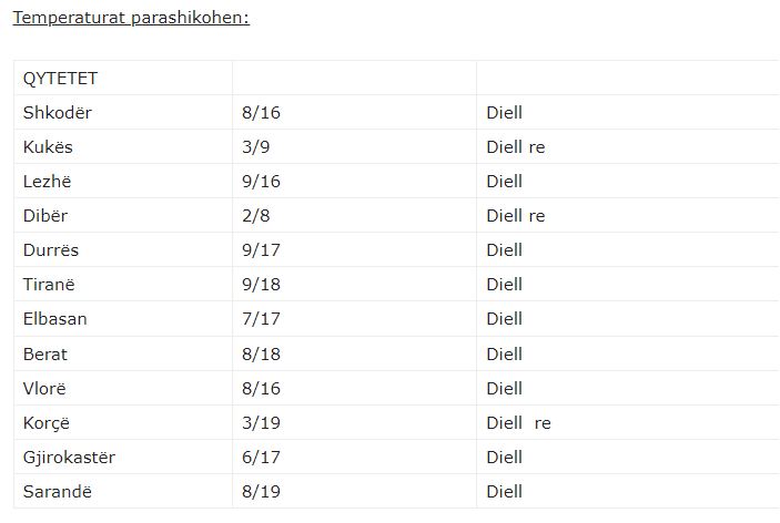 Moti parashikohet i kthjellët në pjesën më të madhe të territorit pa përjashtuar vranësirat mesatare dhe hera-herës deri të dendura kalimtare në relievet malore në lindje.
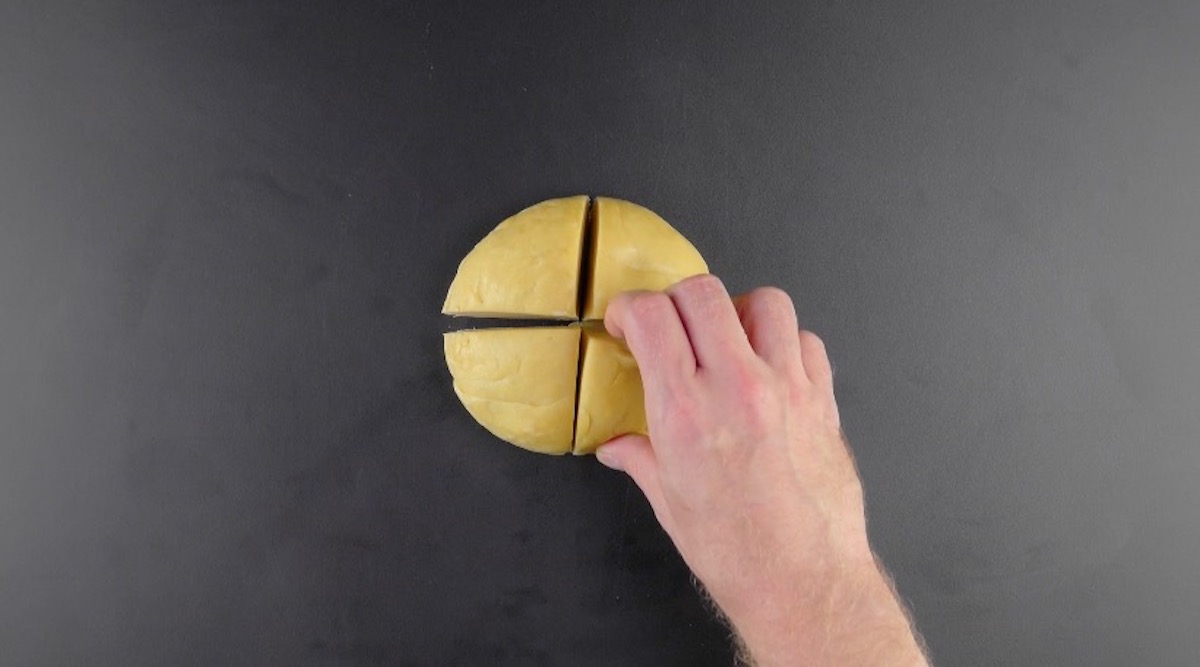 1.) Als Erstes musst du den für alle Pasta-Sorten gleichen Teig herstellen. Dafür brauchst du Hartweizenmehl, welches du haufenförmig auf eine glatte Arbeitsfläche gibst. Forme mit deinen Fingern eine Mulde in die Mehlmitte, gib die 4 Eigelb und das Ei hinein und verquirle das Ganze behutsam mit einer Gabel. Füge etwas Olivenöl und Wasser hinzu. Jetzt vermischst du alles mit dem Mehl und knetest die Masse zu einem gleichmäßigen Teig. Packe diesen in Frischhaltefolie ein und lass ihn im Kühlschrank eine Stunde ruhen. Danach schneidest du den Teig in 4 Teile, so hast du für jede Pasta-Sorte ein Viertel Teig zur Verfügung.
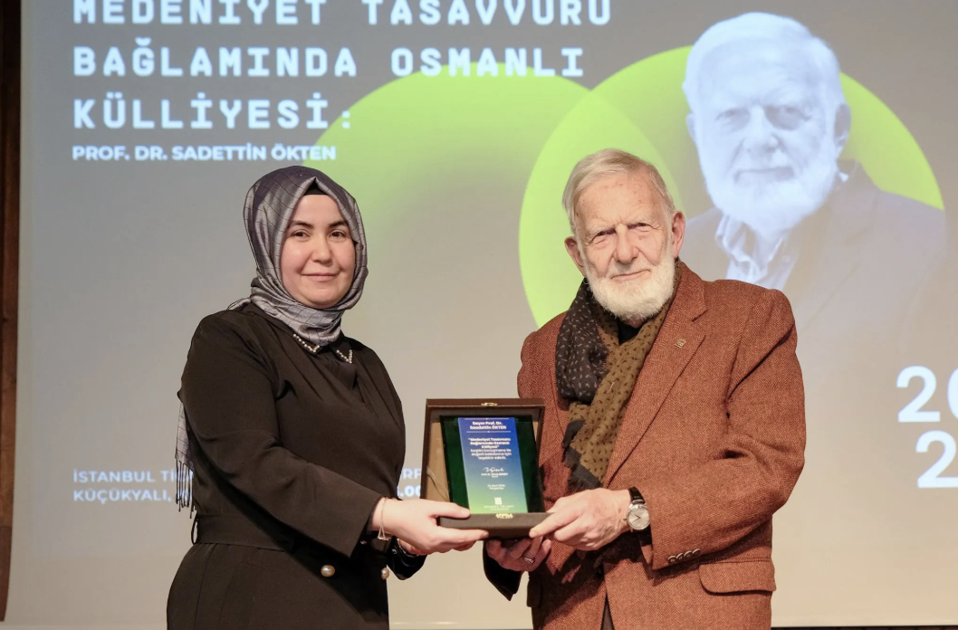 Modern dönemde gökdelenler, alışveriş merkezleri ve büyük ölçekli yapılar arasında sıkışan insanın çoğu zaman nesneleştiğine dikkat çeken Prof. Dr. Ökten, Osmanlı külliyesinde ise insanın merkeze alındığını ve mimarinin insanı ezmeyen, aksine ona yön veren bir ölçü duygusuyla şekillendiğini anlattı. Prof. Dr. Sadettin Ökten, geçmişte inşa edilen bu yapıların bugüne sadece nostaljik birer hatıra olarak değil, insan ölçeğini ve hayat bütünlüğünü hatırlatan önemli örnekler olarak taşındığını vurguladı.
=======
**Your task**
Exactly as written, copy out the listing, but without any pictures.

**Answer area**
 Moti parashikohet i kthjellët në pjesën më të madhe të territorit pa përjashtuar vranësirat mesatare dhe hera-herës deri të dendura kalimtare në relievet malore në lindje.
 1.) Als Erstes musst du den für alle Pasta-Sorten gleichen Teig herstellen. Dafür brauchst du Hartweizenmehl, welches du haufenförmig auf eine glatte Arbeitsfläche gibst. Forme mit deinen Fingern eine Mulde in die Mehlmitte, gib die 4 Eigelb und das Ei hinein und verquirle das Ganze behutsam mit einer Gabel. Füge etwas Olivenöl und Wasser hinzu. Jetzt vermischst du alles mit dem Mehl und knetest die Masse zu einem gleichmäßigen Teig. Packe diesen in Frischhaltefolie ein und lass ihn im Kühlschrank eine Stunde ruhen. Danach schneidest du den Teig in 4 Teile, so hast du für jede Pasta-Sorte ein Viertel Teig zur Verfügung.
 Modern dönemde gökdelenler, alışveriş merkezleri ve büyük ölçekli yapılar arasında sıkışan insanın çoğu zaman nesneleştiğine dikkat çeken Prof. Dr. Ökten, Osmanlı külliyesinde ise insanın merkeze alındığını ve mimarinin insanı ezmeyen, aksine ona yön veren bir ölçü duygusuyla şekillendiğini anlattı. Prof. Dr. Sadettin Ökten, geçmişte inşa edilen bu yapıların bugüne sadece nostaljik birer hatıra olarak değil, insan ölçeğini ve hayat bütünlüğünü hatırlatan önemli örnekler olarak taşındığını vurguladı.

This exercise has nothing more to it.